Unless a new Covid-19 variant upends the current trajectory, though, hospitals are going to continue to see their more traditional business lines improve. For instance, UHS’s behavioral hospitals, which provide things like addiction treatment, have been able to hire more staff, leading to higher volumes. On the minus side, hospitals will lose out on the emergency funds that provided a financial windfall during the pandemic: HCA said they got around $300 million in Covid support payments this year—something its investors can’t count on in 2023.
Looking toward next year, hospital chiefs are hoping that business will continue to rebound while a reduced labor shortage means costs will stabilize. Meanwhile a recession, if it materializes, could actually provide a boost to hospitals as government-backed insurance sustains demand even as higher unemployment could help push down labor costs.

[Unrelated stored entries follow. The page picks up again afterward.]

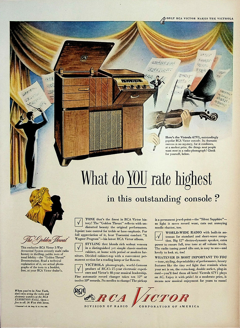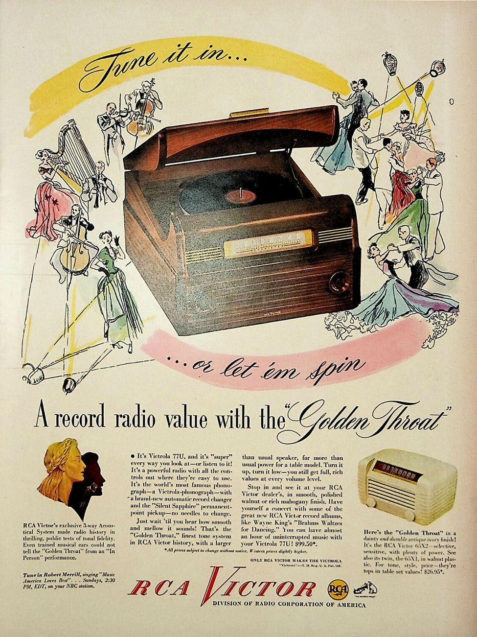 "Tune it in...or let 'em spin" with the Golden Throat," 1948.
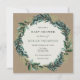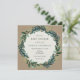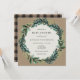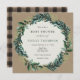 La rústica invitación a bañarse en una ducha de temática invernal presenta un marco verde de invierno y pinos verdes con fondo de papel Kraft y motivos a cuadros. Personalice su información o haga clic en "Haga clic en el personalizar más adelante" para editar estilos de fuente, tamaño y colores.
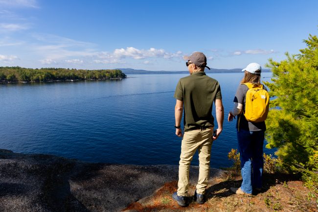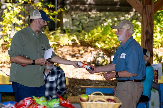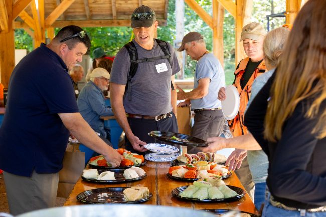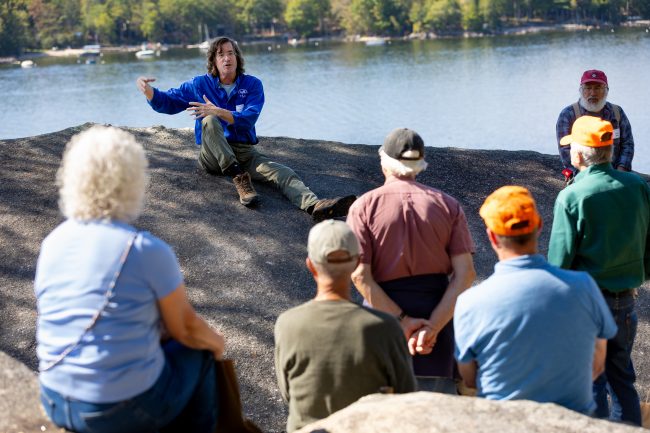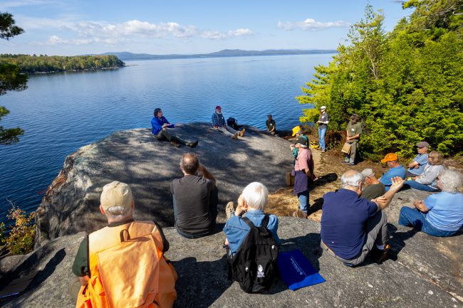 After a morning of networking with foresters and resource professionals, participants joined forestry walks for a hands-on opportunity to learn about forest management. Foresters Jesse Duplin, Shane Duigan, and Paul Larrivee led walks covering basic forest management principles as well as emerging concerns such as beech leaf disease and hemlock woolly adelgid. Meanwhile, on the shores of Sebago Lake, Maine Audubon’s Sally Stockwell and Maine IF&W biologist Joe Roy talked to a group about enhancing forests for fish, birds, and other wildlife. Back at camp, another group gathered to learn about Tree Farming with Kayci Willis of Maine Tree Farm. A highlight this year was the opportunity to visit the famous Frye’s Leap, a beautiful rocky ledge overlooking Sebago Lake, located on the camp property. Woodland owners gathered on the smooth granite to enjoy the view and learn about water quality and the work of Sebago Clean Waters from Paul Hunt of Portland Water District.
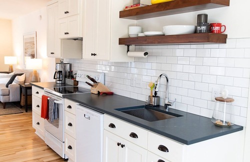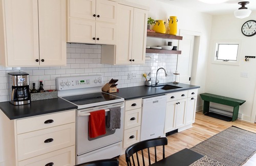 Kookaburra Cottage sleeps four comfortably with two-bedrooms and one bathroom and is perfect for a small family or a couple’s getaway. The beautifully appointed cottage has a warm living space with a large HD Smart TV, Bluray player (and so many movies!), an air-conditioner, and gas fireplace. The galley kitchen is fully stocked with everything you need for home-cooked meals. The new bathroom features a walk-in shower and double vanity. There is plenty of closet and storage space for you to unpack during your stay.
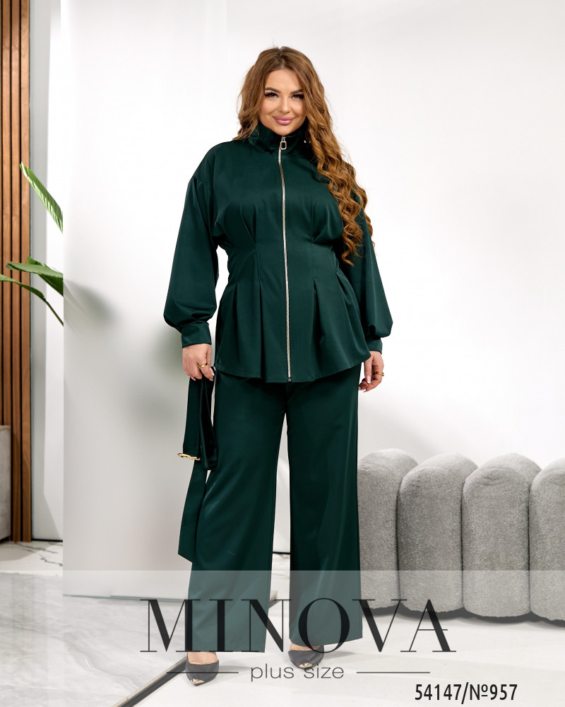 Жіночий костюм, що складається з блузи на блискавці та широких штанів.Блуза напівприталеного силуету,спереду і по спинці на талії з мʼякими складками , що формують ефектну баску. Спереду- золотиста застібка блискавка. Рукав: довгий, об’ємний , низ рукава зібраний на манжету.Комір: стійка (можливість носіння у відкритому та закритому вигляді).Пояс: знімний, із декоративною золотистою пряжкою, регулює посадку по талії і змінює настрій образу.Штани вільного крою прямі, посадка висока, в поясі на гумці, з кишенями.
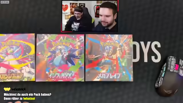01:53:31Es wird erklärt, dass Neukunden über spezielle Links 15 Euro Whatnot-Guthaben erhalten. Trotzdem zahlen einige Nutzer bei den aktuellen Pack-Auktionen drauf, was nicht nötig wäre. Es wird empfohlen, die 15-Euro-Bundles zu nutzen, um nicht mitbieten zu müssen. Der Fokus liegt auf dem Wunsch der Zuschauer nach bestimmten Karten wie Glurak und es wird darauf hingewiesen, dass Sofortkauf-Artikel nicht unterschrieben werden können, da sie sich im Lager befinden. Die Zuschauer werden ermutigt, die Sofortkauf-Optionen in der App zu nutzen, um die 15-Euro-Packs zu finden. Es wird festgestellt, dass viele AR-Karten gezogen werden und die EX-Karten oft an den AR-Karten kleben. Captain und Black Viper nutzen die 5 Booster Angebote, wobei betont wird, dass bereits 200 User dies getan haben. Abschließend wird darauf hingewiesen, dass es am Ende ein Giveaway für alle Käufer gibt, bei dem ein komplettes neues Display verlost wird.
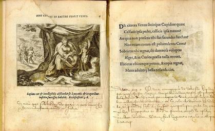 | Keywords: Mikro020.jpg en double page with Emblem from Mikrokosmos Parvus mundus Emblems engraved by Gèrard de Jode with verses by Laurentius Haechtanus Haecht Goidtsenhoven Laurens van Antwerpen de Jode 1579 This is emblem 15 Sine Cerere et Baccho friget Venus Translation of explanation Say Cytherean Venus with your Cupid Why are you are warming your hands and your feet Is it because eloquent Iacchos is not there to help you And dusty Ceres is not around either Where sobriety reigns pernicious lust freezes and does not start wars against the Curii <nowiki></nowiki>i e moderate men<nowiki></nowiki> Wherever drunkenness reigns and abundance the mother of adultery wages abominable wars de Doppelseite mit Emblem aus dem Mikrokosmos Parvus mundus Embleme graviert von Gèrard de Jode mit Versen von Laurentius Haechtanus Haecht Goidtsenhoven Laurens van Antwerpen de Jode 1579 Dies ist Emblem Nr 15 Sine Cerere et Baccho friget Venus à bersetzung Sag kythereische Venus mitsamt Cupido Warum wärmst du dir selbst die Füße wärmst dir die Hände Etwa weil dir der wortgewandte Iakchos nicht beisteht Die staubige Ceres ist auch nicht da Wo Nüchternheit herrscht da friert die schädliche Lust und fängt keine Kriege gegen die Curier <nowiki></nowiki>d h maßvolle Männer<nowiki></nowiki> an Wo immer die mächtige Trunkenheit und à berfluss herrscht da beginnt die Mutter des Ehebruchs ruchlose Kriege http //www uni-mannheim de/mateo/desbillons/mikro/jpg/mikro020 jpg Gèrard de Jode image ; Laurentius Haechtanus Haecht Goidtsenhoven Laurens van Text 1579 PD-old-100 Sine Cerere et Baccho friget Venus Mikrokosmos Parvvs Mvndvs 1579 |
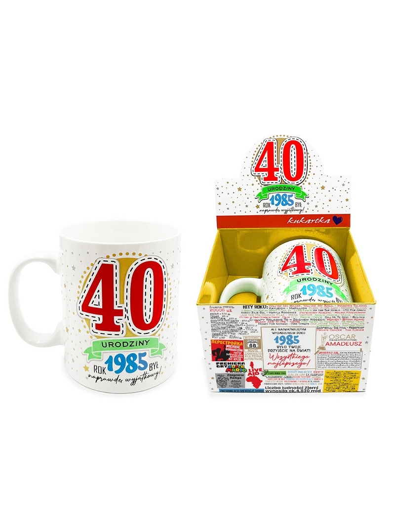 Szukasz fajnego prezentu na 40 urodziny - my taki mamy. Kolorowy kubek GIGANT z nowej serii roczniki to doskonały prezent na taką okazję. Taki kubek to pożyteczny upominek a kawa czy herbata pita z tego kubka zawsze będzie przypominała osobę darczyńcy. Kubek o dużej pojemności, która eliminuje konieczność częstego odrywania się od ciekawych zajęć celem uzupełnienia zawartości. Na kubku namalowana jest duża, czerwona "40", rok urodzin oraz opisane są najciekawsze wydarzenia z danego roku. Kubek wykonany z porcelany zapakowany jest w ładny kartonik.
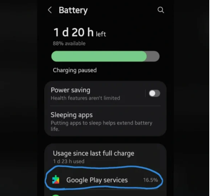 يُعتقد على نطاق واسع أن المشكلة مرتبطة بخدمات جوجل بلاي. تتولى هذه الخدمة مهامًا مهمة مثل مزامنة التطبيقات، وتتبع الموقع، والعمليات التي تعمل في الخلفية. وتشير التقارير إلى أنها قد تعمل بشكل غير طبيعي في الخلفية، مما يتسبب في تنبيه وحدة المعالجة المركزية بشكل متكرر وزيادة استهلاك الطاقة.
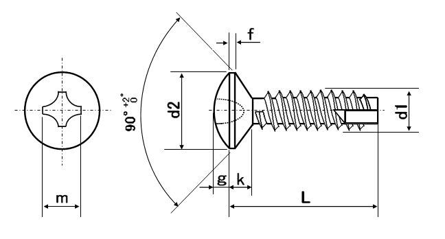 | 特長 | 相手材を削る刃を持たせる為、わずかにテーパーした軸先端部を持つタッピン2種(B0)の軸先1/4周をカットしたタイプ(B1)で、頭部の形状からB1丸皿タッピンやB1丸皿とも呼ばれます。5舒焚爾慮板や非金属・樹脂・硬質ゴム等に、また構造用鋼・鋳物・非鉄鋳物にも使用できます。タッピンねじには他に1.2舒焚爾稜鋼板、ハードボード、木材、樹脂などに適するA型(1種)、5舒幣紊慮板に対応するC0・C1型(3種)が主に流通しています。 相手材の下穴に塑性変形させ(B1・C1タイプは削ることで)ねじ山を形成し(セルフタッピング)するのでねじ単体でねじ締結が出来、ナットやタップ立てが不要です。また雄ねじと雌ねじ嵌合部の遊びが無く緩みや脱落が生じ難くなります。 丸皿はザグリ加工をして頭部を埋め込んで使用し、ザグリできない場合はローゼットワッシャーを使います。引っ掛かりが無く上品な外観となります。 丸皿は「長さL」に頭部厚みの一部を含みます。 ※取付け時には下穴加工が必要です。 |
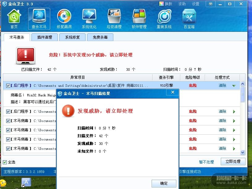 2、查杀完毕时双击提示条,返回主界面杀毒完毕时的结果提示,同时退出提示条(因为此时提示条已经无用处了),这时,最小化时不要再回到提示条了。

Another thing going for hospitals is that they might finally be able to pass on some of their higher costs to insurers, and indirectly to those paying the premiums. Many agreements with insurers are multiyear. Now hospital executives are seeking to negotiate new contracts to reflect those pay increases—something the nation’s largest insurer, UnitedHealth Group, acknowledged in its last earnings call.
Hospitals are telling insurers and Congress that times are hard. Investors, though, are right to see their glass as half full.